Elvis, the Rat Pack and Liberace
The citizens of Las Vegas are used to mixing it with the stars. However the folks of showbiz city USA were unprepared for an extraordinary double act that debuted at the Consumer Electronics Show earlier this week.
In the most unlikely pairing since Marilyn Monroe and Arthur Miller, Microsoft chairman Bill Gates teamed up with WWF wrestling star, Dwayne 'The Rock' Johnson in a bid to reassure electronics dealers that in spite of the slide in the Nasdaq, digital technology was still the hottest act in town.
Playing Eric to Bill's Ernie, The Rock made the first formal outing of the real star of CES - Microsoft's Xbox console - an event to remember.
However, in spite of their showbiz antics neither Gates nor The Rock was willing to volunteer too many details about the games machine. The audience could make out a large (for a console) plastic black box with an X in moulded plastic at the top and a front-loading DVD tray.
Gates did confirm that the Xbox would ship in the autumn and that the four controllers that could be connected to it would all feature force-feedback so the gamer could experience the game's crashes and explosions. Among the first games for the Xbox are the UK-originated Malice and The Rock's favourite, WWF Raw is War.
Gates also treated the audience to a sneak preview of the Whistler operating system (the next version of Windows 2000) and demonstrated voice recognition software for Pocket PC Plus handhelds.
Intel's chief executive officer Craig Barrett had earlier kick-started the conference by urging dealers not to write off the PC. Barrett predicted that 2001 would be remembered as the start of an "extended PC" era where PC sales would be driven by hi-tech toys such as PDAs (personal digital assistants) and digital audio players.
To prove his point, Barrett unveiled a wireless tablet PC that allows several users to surf the net from a single connection, and Intel's debut audio player, the Pocket Concert. The player, which goes on sale in the US next month, will retail for around $300. It can store either MP3 or WMA (Windows Media Audio) files on its 128MB of flash memory. A UK launch is scheduled for later in the year.
Palm boss Carl Jankowski completed a hat-trick of launches from PC-related companies by unveiling the palmtop maker's latest innovation, the E-Wallet.
The system, due to be launched later in the year, enables Palm owners to buy products by beaming information from their PDA to specially made terminals.
Once a person has agreed to a purchase, they send their credit card details, which are held in the Palm, and key in a PIN number. Jankowski believes that US shoppers will appreciate the speed of the system and the way it does away with the need for a signature.
The highlight of Sony's stand was a prototype of its blue laser optical disc recorder. Sony believes that the system, which can archive 22 gigabytes of high- definition video on one DVD (five times as much as current discs), will be on sale within five years.

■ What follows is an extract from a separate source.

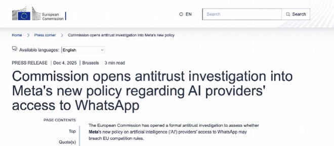 又一起涉及人工智能的反垄断案件浮出水面。 12月4日,欧盟委员会宣布对Meta启动正式反垄断调查,以评估针对WhatsApp人工智能功能的新政策是否涉嫌损害市场竞争。欧盟委员会已宣布对 Meta 展开反垄断调查。今年10月,WhatsApp更新了商业API政策,新增“AI提供商”章节,并明确禁止AI模型厂商在WhatsApp上分发AI助手服务。该规定将于 2026 年 1 月 15 日生效。具体来说,该规定规定,严格禁止人工智能或机器学习技术的提供商和开发商直接或间接访问或使用 WhatsApp 的商业解决方案以提供、交付、要约销售或以其他方式提供此类技术。 WhatsApp“AI 提供商”规定。这些人工智能提供商包括但不限于大型语言模型、生成式人工智能平台、通用人工智能助手以及 Meta 自行确定的类似技术;它们针对的是这些技术的主要功能——即企业仍然可以使用助动词或支持 WhatsApp 中的其他 AI 工具。尽管存在上述限制,Meta 指出,用户可以根据 WhatsApp 商业解决方案的条款,使用 AI 提供商作为第三方服务提供商,只要这种行为不会导致商业解决方案数据被用于创建、开发、操纵或改进任何其他 AI 模型。 Meta澄清,如果用户违反上述限制,他们将有权终止其帐户并撤销对WhatsApp商业解决方案的访问权限。欧盟委员会担心这项新政策可能会阻止第三方人工智能提供商通过 WhatsApp 在欧洲经济区提供服务。据欧盟委员会称目前,许多人工智能提供商已经通过 WhatsApp 提供了对其人工智能助手的访问,允许用户直接在应用程序内与人工智能进行交互,以完成诸如回答问题、生成内容或访问客户支持等任务。但根据这项新政策,欧盟委员会认为 Meta 的竞争对手人工智能提供商可能会被阻止通过 WhatsApp 联系其客户。 Meta自有的人工智能服务“Meta AI”将继续向平台上的用户开放。欧盟委员会负责反垄断事务的执行副主席特雷莎·里贝拉表示,随着人工智能的蓬勃发展,有必要确保欧洲公民和企业能够充分受益于这场技术革命,并采取行动防止占主导地位的数字巨头滥用市场力量、抄袭创新竞争对手。 “因此,我们正在调查Meta的新政策是否可能违反竞争规则,并评估是否立即采取措施特蕾莎·里维拉表示,欧盟委员会还指出,此次正式调查将覆盖除意大利以外的欧洲经济区(EEA),这是为了避免意大利城市市场的冲突与竞争局正在进行的诉讼重叠,该局考虑针对 Meta 的行为采取临时措施。据南都反垄断前沿报道,今年 7 月 30 日,意大利竞争与市场管理局(AGCM)宣布对意大利竞争与市场管理局(AGCM)展开反垄断调查。 Meta 评估该公司与 WhatsApp 的深度整合是否涉嫌滥用市场支配地位,意大利反垄断监管机构指出,自 2025 年 3 月起,Meta 在未经用户事先同意的情况下在 WhatsApp 服务上预装了 Meta AI,此外,Meta AI 被置于屏幕显着位置并集成到搜索栏中。“诱导”用户使用Meta AI和WhatsApp的服务,不仅会损害竞争对手的利益,还可能导致用户对Meta AI产生“锁定效应”或依赖功能——尤其是随着用户不断提供信息,该服务生成的答案将变得越来越有用和准确。南都反垄断前沿发现,连续两次欧洲反垄断调查涉及Meta的AI布局,表明AI领域的竞争担忧正在引起监管机构的关注。愈演愈烈,科技巨头的AI业务布局将受到特别关注,AI反垄断或有意监管强力介入:南都n视频记者 李凌 北京

Sony also unveiled a web tablet that is expected to go on sale in the US later in the year for around $3000, and an AV/IT Gateway that comprises a touch-screen monitor and a base station. Owners can use the Gateway to surf the net, send email and watch video from a number of sources. Neither product is expected to go on sale in the UK.
Britons will however be taking delivery of several DVD and Super Audio CD players, a MiniDisc personal recorder that uses MDLP technology to fit five hours of music on one disc, hi-fi and PC CD-R/CD-RW burners, and two Network Walkmans.

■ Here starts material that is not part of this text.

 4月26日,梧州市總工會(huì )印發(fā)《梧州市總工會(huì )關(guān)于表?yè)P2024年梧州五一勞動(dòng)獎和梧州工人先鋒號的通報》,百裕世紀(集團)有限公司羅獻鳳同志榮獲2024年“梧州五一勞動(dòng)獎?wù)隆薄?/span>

Several of the impressive prototypes that Panasonic showed on its stand last year turned up as real-world products this time round. Americans will soon be able to purchase two digital audio/MP3 players that use SD (Secure Digital) removable storage cards. They take the form of a necklace/wrist band (SV-D75) or a pair of headphones (SV-D05). Both are expected in the UK in the summer.
Panasonic also paraded a DVD-ram based camcorder, the VDR-M10 and its first digital camera - the PV-DC3000.
Almost all the major players displayed DVD video recorder several of which are already on sale in the US. However a re-run of the Betamax-VHS battle now seems a certainty with recorders using three competing formats/discs - DVD-ram (Panasonic, Samsung), DVD-RW (Pioneer) and DVD+RW (Philips) heading for the UK later in the year.
Sony chose to sit on the fence in offering a DVD video recorder that works with DVD+RW and DVD-RW discs. It won't go on sale until 2002.
Other Vegas showstoppers included a portable hard disk from Iomega, a removable flash memory format from Dataplay, MP3-equipped sunglasses from Thomson, an internet/email watch from Timex, and our favourite, a smart frying pan that bleeps when your food is cooked, from Digital Cookware.